Task 1: Unseen Perturbations

Task Overview

In Task 1, models are trained on a subset of perturbations and tested on their ability to predict responses to completely unseen perturbations. This represents a critical real-world scenario where researchers need to predict the effects of new drugs or genetic modifications.

Key Challenges:

Generalization: Models must learn transferable patterns from seen perturbations
Effect Size Dependency: Performance varies significantly with perturbation magnitude
Cell Type Specificity: Responses can be highly context-dependent

Evaluation Metrics:

Pearson Correlation
R-squared
Mean Squared Error (MSE)
Mean Absolute Error (MAE)
Cosine Similarity

Figure 2: Task 1 performance results showing model comparison across different metrics and effect sizes

Performance Results

Best R²

GEARS
R² = 0.866 average

Best DE Recovery

PerturbNet
56% DE overlap accuracy (paper)

Best Delta Accuracy

Biolord
83.9% direction accuracy

Interactive Performance Visualizations

Delta Performance

Pearson Correlation Delta vs Delta Agreement Accuracy

Key Insights

Effect Size Matters

Performance strongly correlates with perturbation effect size.

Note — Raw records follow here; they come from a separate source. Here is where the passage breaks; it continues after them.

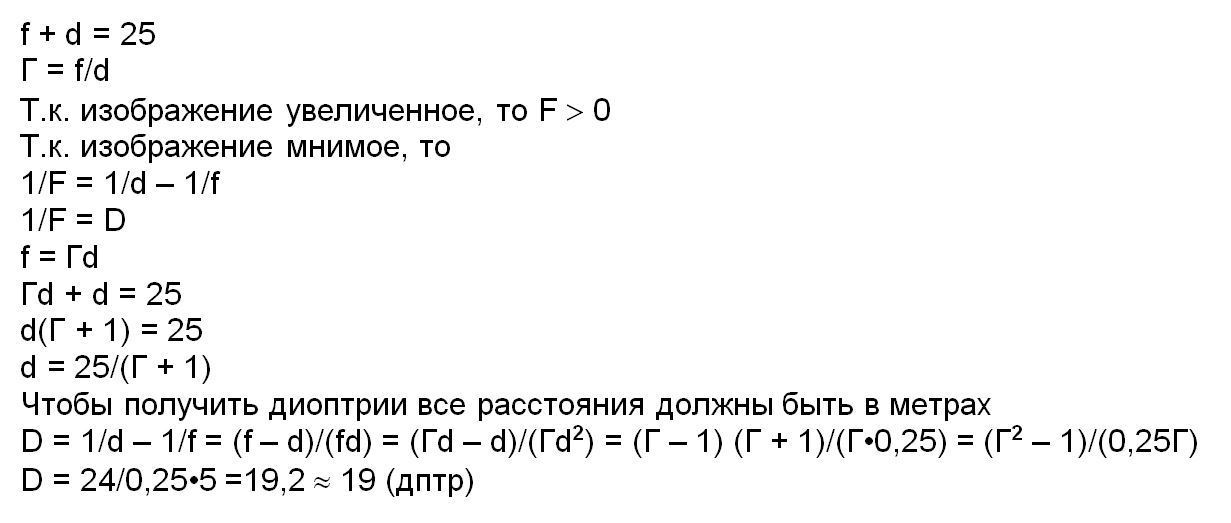 расстояние между предметом и его изображением L=25см. Если изображение мнимое , увеличенное , с увеличением Г=5, то оптическая сила линзы равна..... дптр (ответ округлите до целых)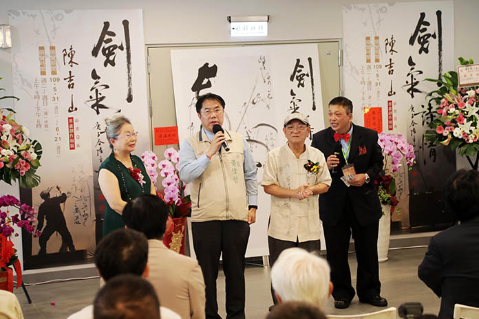台南市長黃偉哲表示,陳老師不僅得到玖公的真傳,而且發揮得更淋漓盡致,他的書品、人品相得益彰,除習字之外,更將所學西畫、國畫元素融合於書法中,有新狂草創作,為創作之一大突破。很高興看到陳老師的作品能集歷年大成出版成書,所出版《劍氣詩情─陳吉山書畫集》一書,不僅呈現老師行、楷、隸、篆等多元面貌發揮,亦收錄老師新狂草之作,筆墨線條中在在展現老師結合劍道健勁形質脫俗的墨蹟及神韻,實為陳吉山老師贈送給台南市的最美麗創作。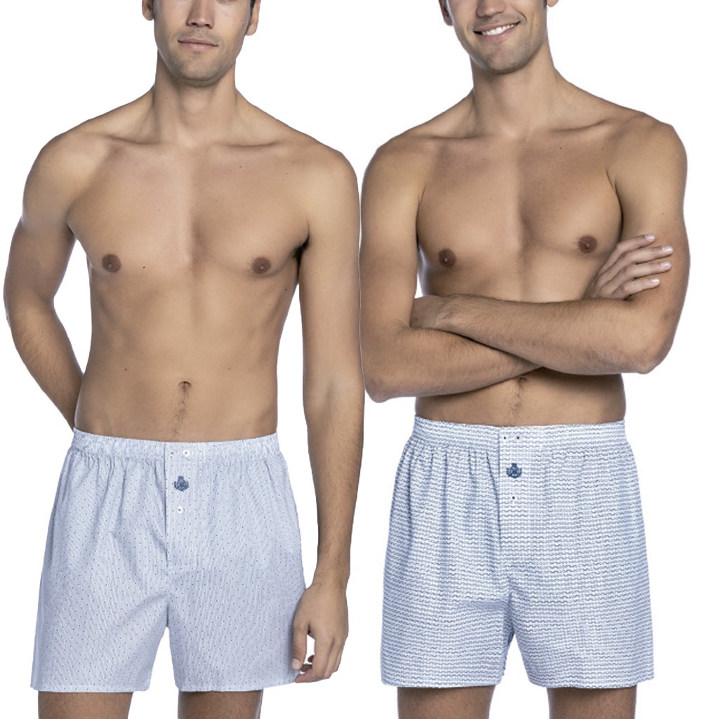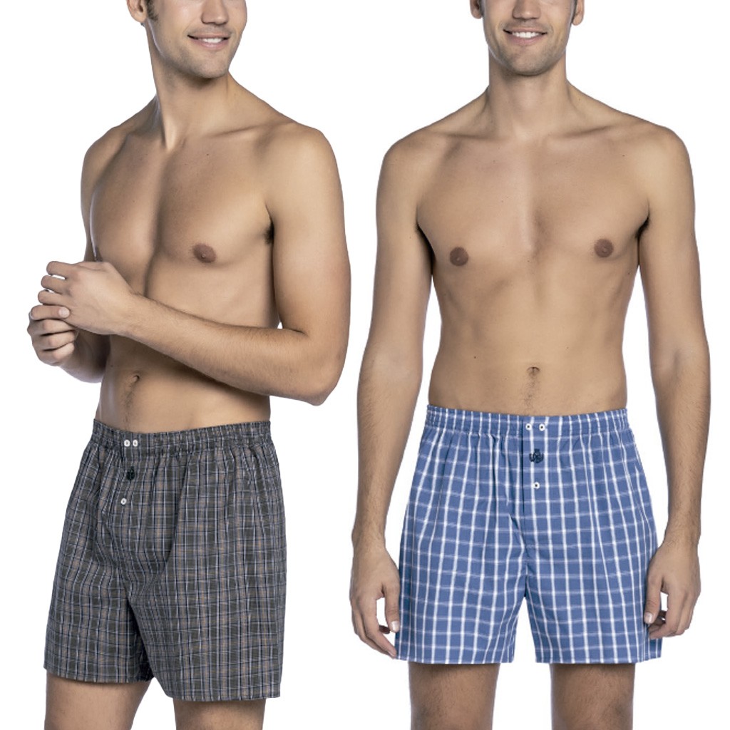 Bóxer hombre tela, abierto, con botones, pieza trasera tipo americano. En caja de 6 unidades de diferentes modelos surtidos que cambian con cada capaña y pueden ser diferentes alos de la imagen. Máxima calidad.

Stronger perturbations are easier to predict accurately.

Model Architecture Impact

Graph-based models (GEARS, PerturbNet) show superior performance compared to simpler baselines.

Dataset Variability

Performance varies significantly across different datasets, highlighting the importance of dataset characteristics.

Metric Consistency

Models that perform well on correlation metrics often struggle with absolute error measures.